Wash and cut each mushroom into four. Discard celery leaves and chop the stem. Chop spring onions and keep as much of the green part as possible. Heat a knob of butter and sauté mushrooms, parsley and celery on high heat for five to 10 minutes. Season lightly with
salt and pepper. If it leaves water, don’t worry. Cool and keep in the fridge.

Next day: Combine rice, mushrooms, mushroom water, mushroom soup, grated cheese, chilli flakes, pepper powder, salt (if used), mustard powder and milk in a large thick-bottomed vessel or pressure cooker and cook on a medium fire, stirring off and on, till thick and creamy. Add more milk if necessary. Taste for seasonings. Stir in half the pine nuts.
Arrange risotto on a large shallow dish. Scatter remaining pine nuts on top and garnish with halved cherry tomatoes for colour.

MEDITERRANEAN FRITTERS

(Be bold and experimental. Use roughly shredded cabbage, capsicum, pak choy or baby corn instead of spring onions)

INGREDIENTS

  • 1 heaped cup maida
  • Salt to taste
  • 3 tomatoes, red and firm, chopped
  • Green chillies according to taste, chopped roughly
  • Fresh mint a large fistful, chopped roughly
  • w 1 small bunch parsley, roughly chopped
  • 3-4 spring onions, chopped along with the lusher greens
  • ½ sachet fruit salt
  • A few flakes of tamarind
  • Oil for deep frying

Method
Mix all the ingredients, except the oil and the fruit salt, using very little water to bind them together. (You may not need any water at all.) Add a little more maida if necessary.
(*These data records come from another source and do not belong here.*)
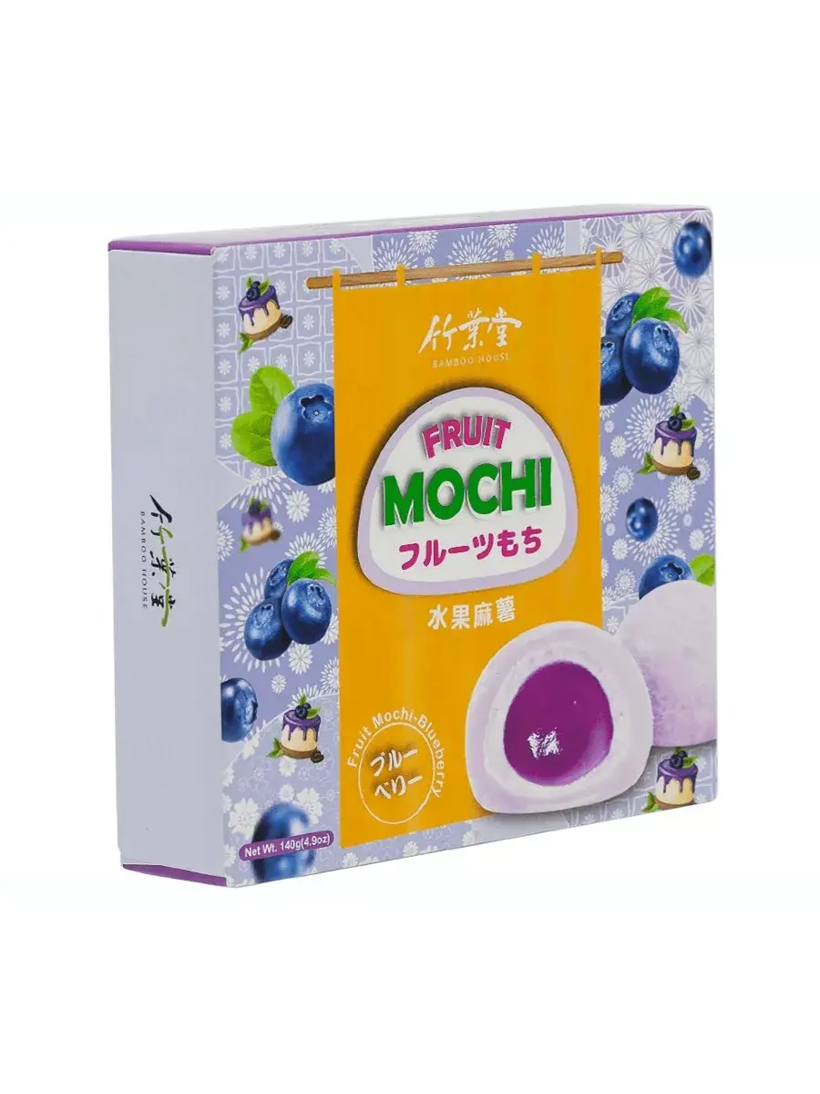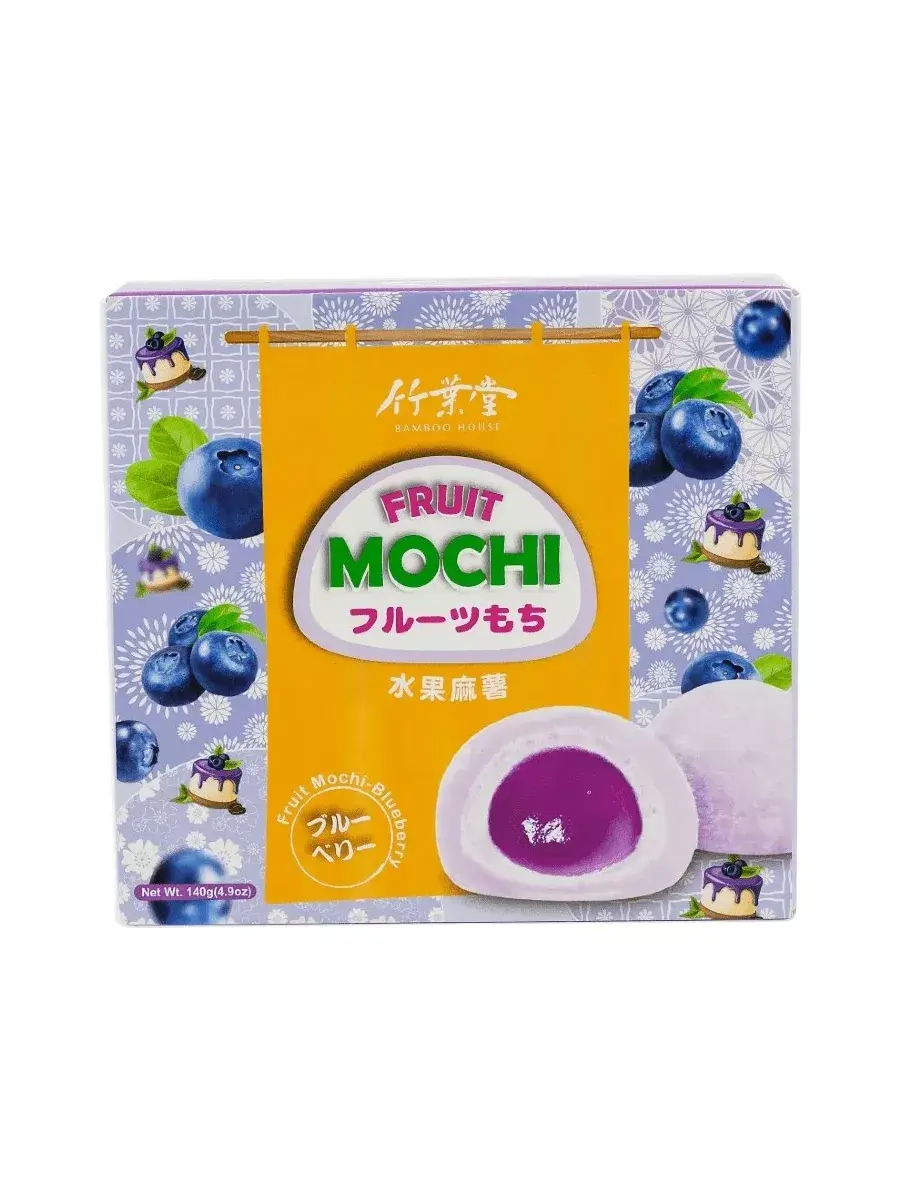 Традиционный десерт азиатских стран - рисовое пирожное моти. Пирожные из рисовой муки с начинкой внутри, в Японии являются символом Нового Года и приходить без них в гости считается невежливо. Моти упакованы в яркие красочные коробки, которые смело можно подарить родным и близким. Десерт по текстуре мягкий и нежный. Производители рекомендуют положить моти на 2-3 часа в холодильник перед тем как есть - вкус станет насыщенней, а текстура будет напоминать мороженое. Моти со вкусом голубики сделаны из трех слоев: центральная часть представляет собой желейный сироп яркого ягодного вкуса, затем сливочная прослойка и наконец последний слой рисового теста. Продукт полностью готов к употреблению, отлично подходят для чаепития. В комплекте 1 упаковка. весом 140г, в которой 4шт пирожных моти.
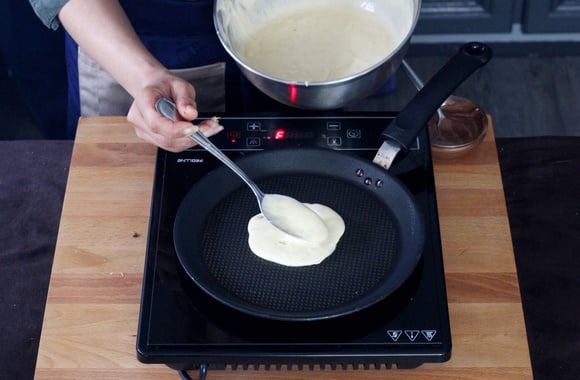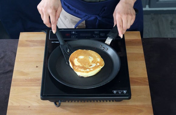 8Faites cuire sur feu moyen, retournez la pancke et faites dorer. Poursuivez dans la préparation des pancakes jusqu'à épuisement de la pâte.
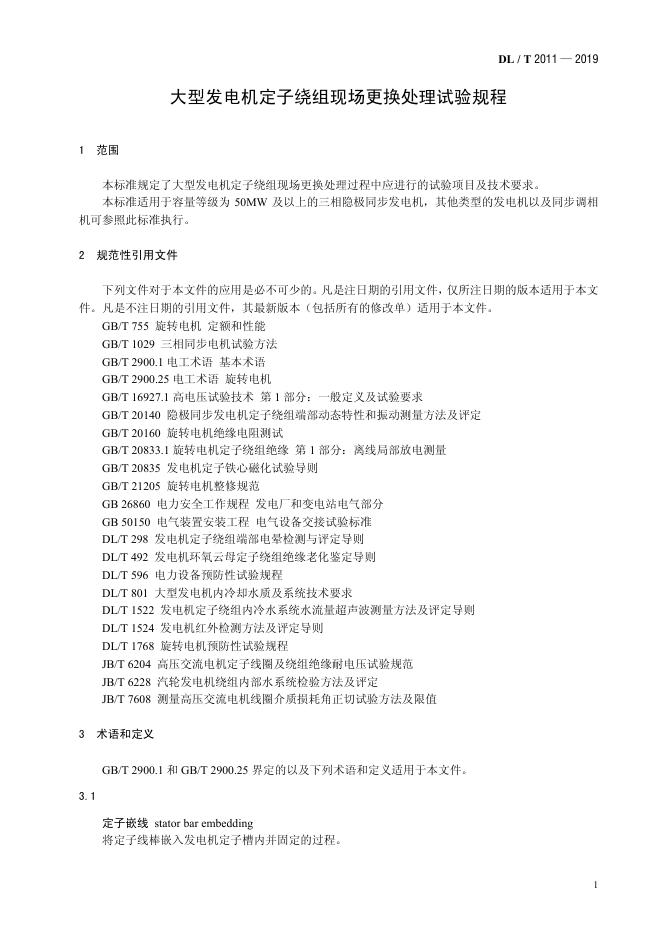 DL/T 2011-2019 大型发电机定子绕组现场更换处理试验规程
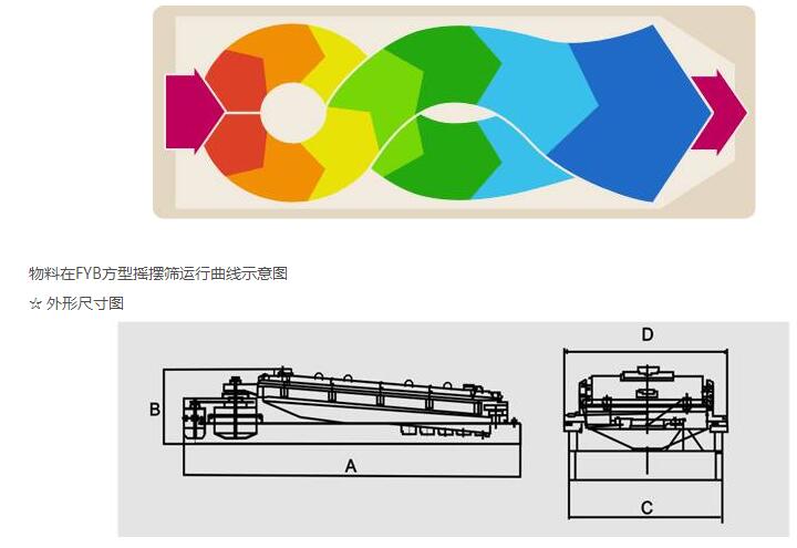 下圖可形象的說明FYB型搖擺篩是如何改變和控制物料在篩面上的運(yùn)動軌跡與滯留時間并進(jìn)一步提高篩分效率。
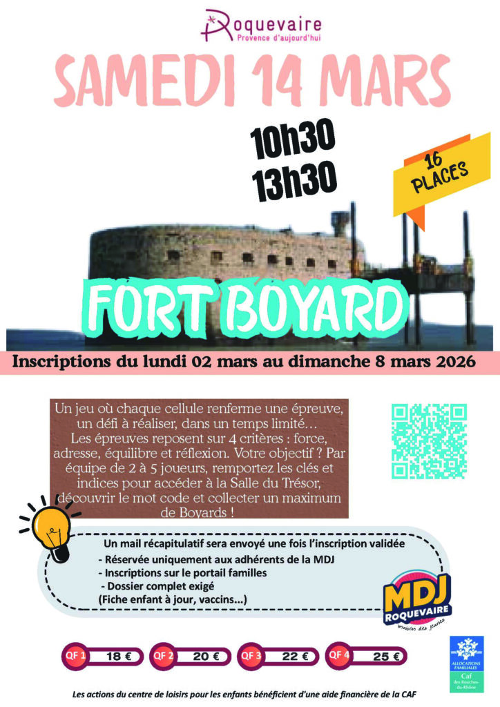 Evènement MDJ : sortie Fort Boyard : samedi 14 mars, de 10h30 à 13h30.
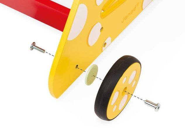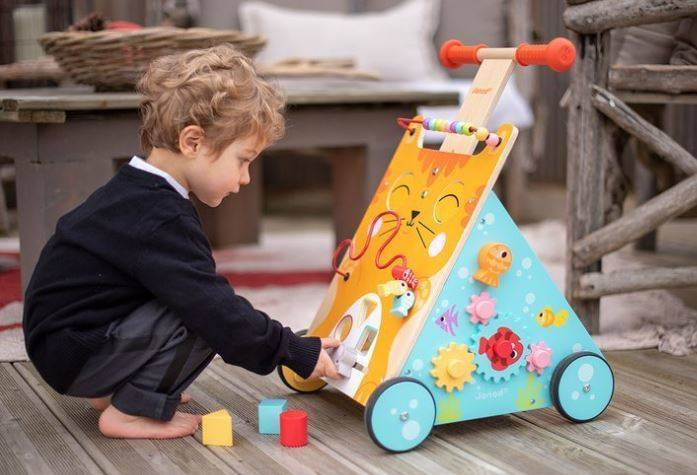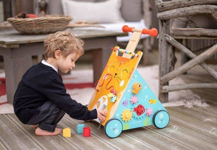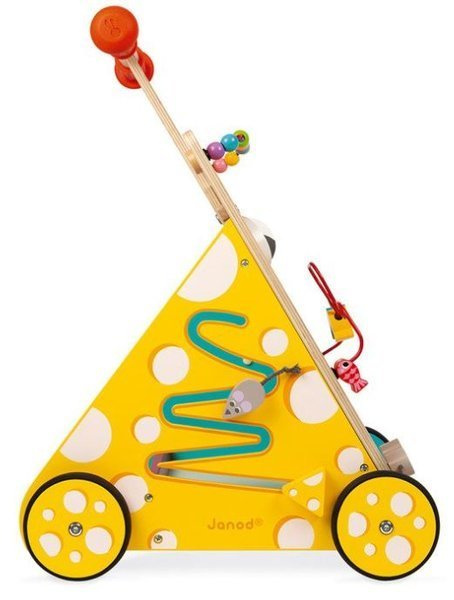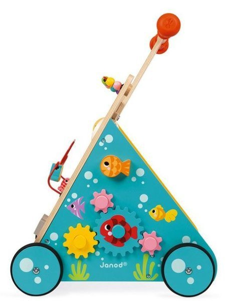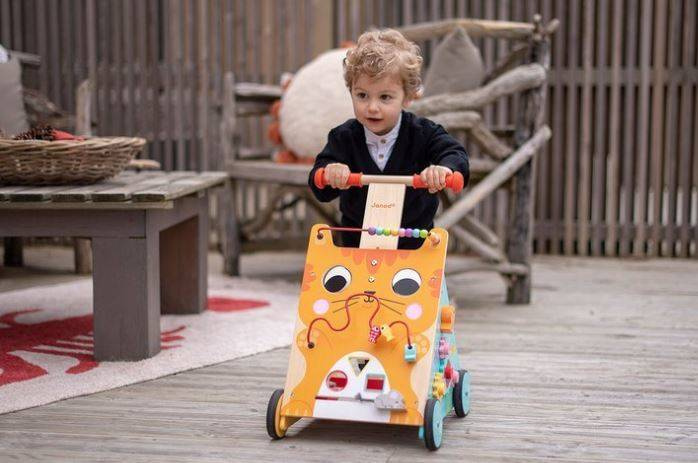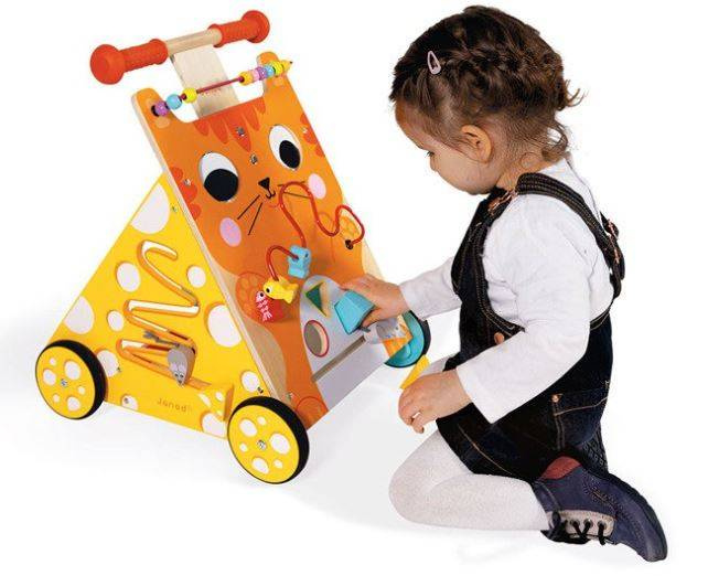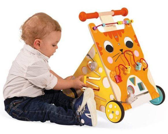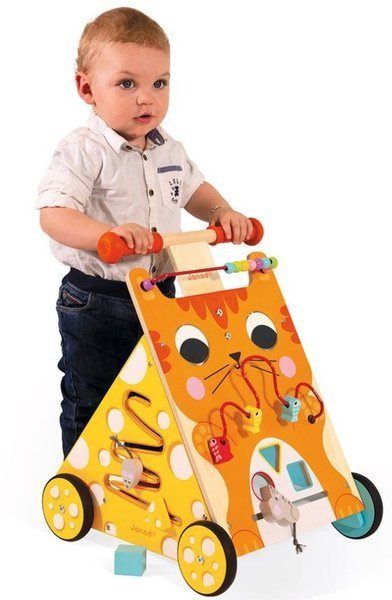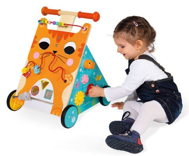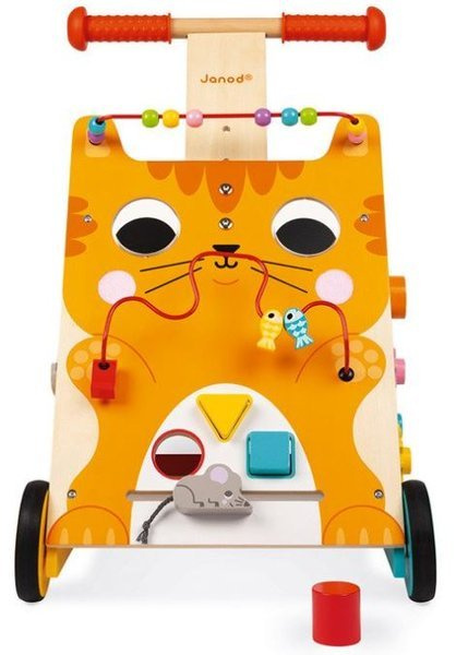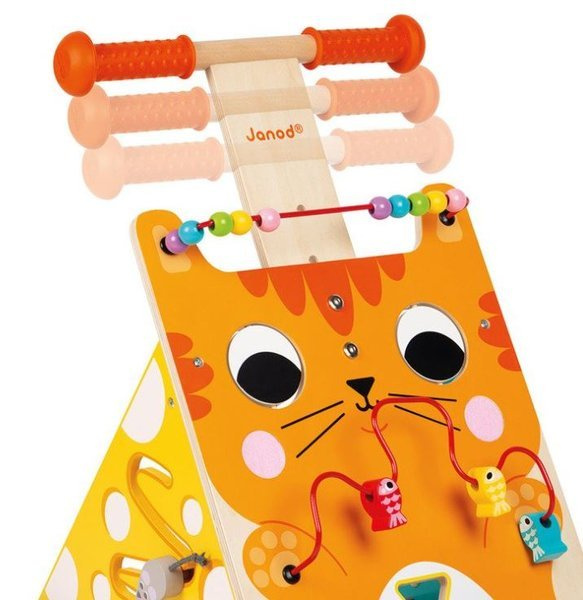 Wielofunkcyjny pchacz edukacyjny Kot francuskiej marki JANOD nie tylko wspiera dziecko w stawianiu pierwszych kroków, ale też w ogólnym rozwoju motorycznym. Trzy ścianki pchacza (na przedniej namalowana jest buzia kotka) – pomarańczowa, żółta i niebieska – stanowią przestrzeń dla: dwóch pętli z elementami do przesuwania, toru-zjeżdżalni, sortera, obracanych i przesuwnych elementów oraz kółek zębatych. Zabawa nimi to równocześnie nauka, np. przesuwanie klocków po pętlach (na jednej znajduje się 10 kulek, na drugiej 3 rybki) czy po torze (myszki na torze prostym i zygzakowatym) rozwija koordynację ruchową i małą motorykę, sorter pomaga rozróżniać kolory i kształty (koło, trójkąt, kwadrat), a 4 różnej wielkości koła zębate z uchwytami pozwalają zauważyć zależności przyczynowo-skutkowe. Wiele różnorodnych funkcji sprawia, że zabawka szybko się nie znudzi, a piękne kolory i przyjazna grafika dodatkowo zaciekawiają i zachęcają dziecko do zabawy. Ponadto wszystkie elementy pchacza są wygodne do trzymania w małych rączkach, a kierownica posiada antypoślizgowe uchwyty i możliwość regulowania wysokości (od 47 do 53 cm), dzięki czemu zabawka dosłownie rośnie razem z dzieckiem. Kółka pchacza zostały wykończone gumą, co zapewnia mu stabilność i sprawia, że nie rysuje on podłogi w domu. Ponadto można je w razie potrzeby zdjąć. Zabawka została zaprojektowana we

Just before frying, stir in fruit salt and mix well.
Heat oil with a few flakes of tamarind (this is to prevent the oil from going rancid). Fry small spoonfuls, a few at a time. When batter begins to look firm, turn over and fry on all sides till a light ivory colour. Drain on paper towels and serve hot with two dips.

Dip 1: Mix loosely hung curds, cracked pepper, a large pinch salt, a large pinch chilli flakes, any remaining spring onion greens and chopped coriander leaves.
Dip 2: Toast and coarsely pound three tbsp white sesame seeds. Roast three red capsicums on an open fire till blackened. Remove skin, pith and seeds and chop. Grind to a coarse paste with pounded sesame, a little salt, a little chilli powder and a little pepper powder.

WATALAPPAN

(The original is a very eggy dessert from Sri Lanka of Dutch/Malay roots)

INGREDIENTS

  • 100 gm coconut milk powder
  • 1 sachet vanilla flavoured custard powder
  • ¼ kg palm or ordinary jaggery
  • 1 tsp cardamom powder
  • ½ tsp nutmeg powder
  • 3 tbsp grated fresh coconut
  • 50 gm cashewnuts
  • A pinch of salt
  • Milk as required

Method
Dissolve the grated jaggery in very little hot water and keep aside. Fry the cashewnuts in very little butter, drain and powder coarsely. In the remaining butter, fry the grated coconut till golden and keep aside.

Mix the custard powder in very little milk till dissolved and keep aside. See the instructions in the packet for pouring custard. Take half the amount of water indicated and dissolve the coconut powder in it. Heat it in a strong-bottomed vessel to simmering on a medium to slow fire and mix in dissolved custard powder, stirring frequently. When it begins to thicken remove from heat and immediately stir in the jaggery water, salt and half the nutmeg and cardamom powders, grated fried coconut and fried cashews.

Pour into a decorative glass dish and scatter remaining, cashew, coconut, cardamom and nutmeg on top. When it cools a little, cover with clingfilm and chill in the fridge for a couple of hours.